Prep your skin for spring
As warm weather finally arrives, it is tempting to expose pale limbs to the sun's caressing rays. But do you really dare to bare without good skin care?
As warm weather finally arrives, it is tempting to cast off winter woollens and expose pale limbs to the sun’s caressing rays. But take a good look first. Do you really dare to bare?
Winter’s effect on skin is not a pretty one. Extreme temperatures, dry indoor climates, and stodgy diets can leave skin dull, blemished, scaly, and blotchy—all the way from flaky scalps to cracked heels.
So how to prepare for spring’s revealing shorts and sleeveless tops? Follow a three-step process of cleansing, rejuvenating, and protecting.

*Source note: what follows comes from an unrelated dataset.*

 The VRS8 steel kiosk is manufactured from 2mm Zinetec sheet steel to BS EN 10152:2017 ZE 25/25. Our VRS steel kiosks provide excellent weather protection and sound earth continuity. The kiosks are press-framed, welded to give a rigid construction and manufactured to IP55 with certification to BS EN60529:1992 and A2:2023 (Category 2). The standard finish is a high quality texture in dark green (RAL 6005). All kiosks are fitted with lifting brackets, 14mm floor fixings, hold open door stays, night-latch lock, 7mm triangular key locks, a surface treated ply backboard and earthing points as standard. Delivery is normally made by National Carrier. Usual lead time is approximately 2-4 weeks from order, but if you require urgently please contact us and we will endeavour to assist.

Here’s how.
Skin offers protection from the elements and helps eliminate toxins—except when it’s muffled in layers of winter clothing.

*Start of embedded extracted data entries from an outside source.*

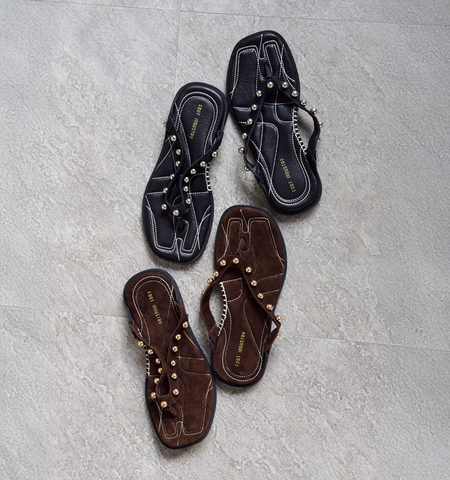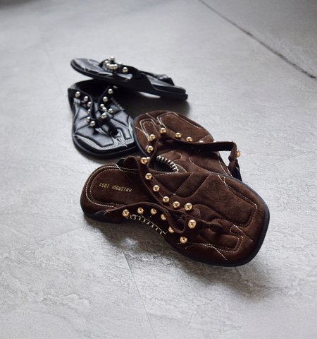 FOOT INDUSTRY(フットインダストリー)よりレザー ビジュー トング サンダルのご紹介です。上質なレザーを贅沢に使用し、足元に程よい存在感を添えるトングタイプのサンダル。アッパーにはビジューをあしらい、ラフになりがちなサンダルスタイルに、さりげない華やかさとモードなムードをプラス。レザーのキルティング調デザインが、奥行きのある表情を生み出しています。カジュアルにも、きれいめにも取り入れやすく、シンプルな装いを一段格上げしてくれる一足です。
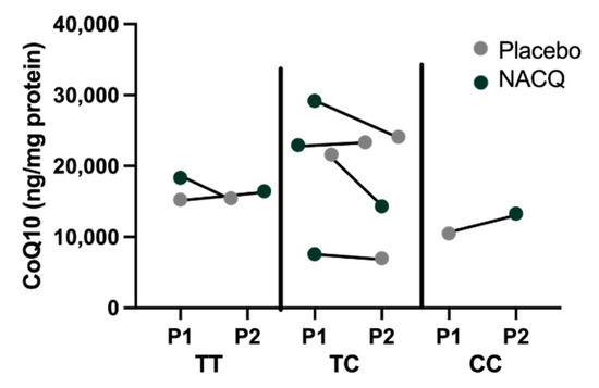| CoQ10 | NACQ | 7090 ± 2898 a | 7653 ± 3632 a | |
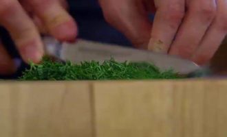 • Укроп мелко порубить. На запеченные яйца в помидорах выложить бекон и посыпать зеленью.
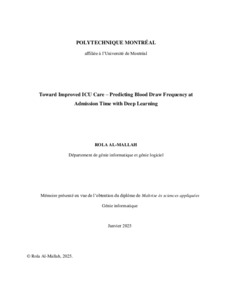 | Citer en APA 7: | Al-Mallah, R. (2025). Toward Improved ICU Care – Predicting Blood Draw Frequency at Admission Time with Deep Learning [Mémoire de maîtrise, Polytechnique Montréal]. PolyPublie. https://publications.polymtl.ca/62550/ |
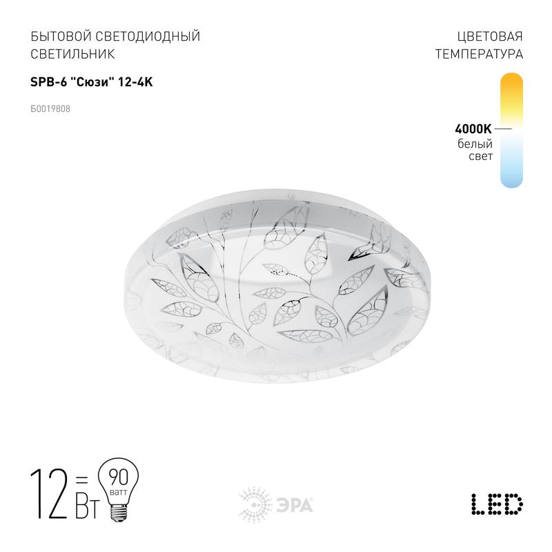 Мощность в 12 Вт и срок службы в 30 000 часов подарят долгую работу SPB-6 "Сюзи". Люстра от производителя ЭРА правильный выбор для Вашего дома!

“One of the things we want to do as we move into spring is exfoliate and slough off some of the dead skin,” says Dr. Wendy Smeltzer, the medical director for a Calgary-based spa. “A really good medical exfoliant is a good way to start.”
Remove dull, dry skin with a gentle facial cloth or, on the body only, a loofah or scrub—or even splurge on a mild chemical peel.
Clean from the inside out
It’s not just the surface of the skin that needs a spring cleaning. After months of winter feasting, the whole body needs a detox.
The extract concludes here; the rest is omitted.